In addition to the ongoing value destruction, the Board has a history of concerning disclosures and governance practices, including most recently:
- Refusing to provide adequate disclosure to shareholders of the process undertaken by the Board and any special committee in negotiating the termination of Aimia's agreements with Paladin, a related party of Aimia.
- Unnecessarily delaying the calling of the Meeting such that the record date fell after the issuance of 5,040,000 Shares to Paladin, presumably with the objective of increasing the Board's likelihood of re-election.
- For the second year in a row, engaging in the highly unusual and undemocratic practice of abridging the usual period between providing notice of and holding an AGM, and failing to provide the amount of notice required under corporate law.

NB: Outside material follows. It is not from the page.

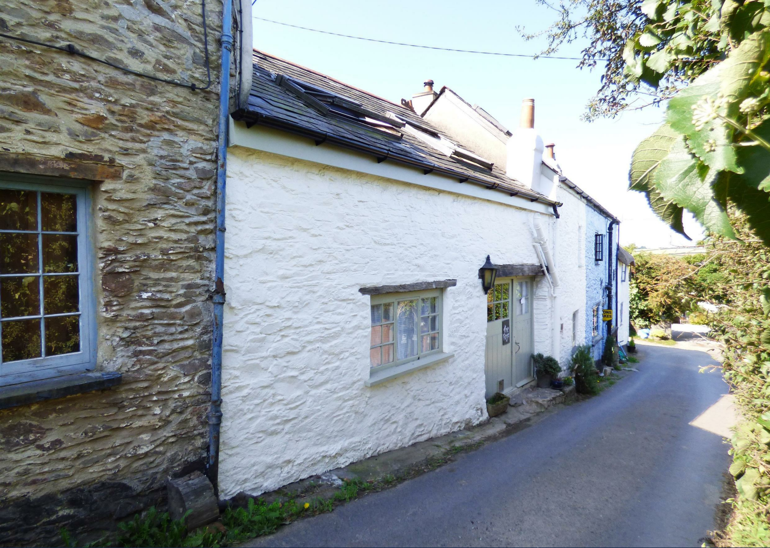
The Forge Capton, Dartmouth £230,000

- Failing to timely disclose the departure of Karen Basian, the lead independent director and chair of the audit committee, from the Board other than by removing her profile from Aimia's website.
Our view, which we believe is reflected in the current share price, is that shareholders have had enough.
A Reliable Fiduciary of Shareholders' Wealth
It is time for a new Board with business acumen and ethical standards to clean up the mess that's been created and realize the full value of Aimia for its shareholders through efficient capital allocation and management. We have nominated the six Mithaq Nominees for election to the Board at the Meeting because we believe they are up to that task. We propose the following ten steps for the newly reconstituted Board to get Aimia back on track:
- Get to work for all shareholders to achieve the best possible outcomes immediately after the Meeting.
- Choose to maximize returns for shareholders and harvest all excess capital from any low-return businesses to deploy it in high-quality, high-return businesses. Aimia will be opportunistic and, depending on the market environment, will diversify its investments in public equities and private equity.
- Reclaim and reverse prior transactions where possible. This will involve pursuing those who have disadvantaged other shareholders for their own enrichment. Aimia will conduct a comprehensive review of amounts paid to advisors (thus far undisclosed) who benefited from the millions of dollars paid in fees in 2023.
- Run Aimia with minimal overhead. Aimia's current overhead is approximately $15 million annually and the Company has 18 employees. If Berkshire Hathaway can manage US$1 trillion with less than 30 employees, then Aimia can manage its $500 million portfolio with fewer employees.
- Rationalize assets allowing shareholders to calculate a reliable NAV. We would also maintain a permanent opportunistic Share buyback program to keep the Share price closer to NAV.
- Immediately seek to unlock value by exploring partial and full asset sales where public and private markets provide the opportunity. Nothing will be sacred as the reconstituted Board will act without nostalgia for prior investment decisions that have destroyed value.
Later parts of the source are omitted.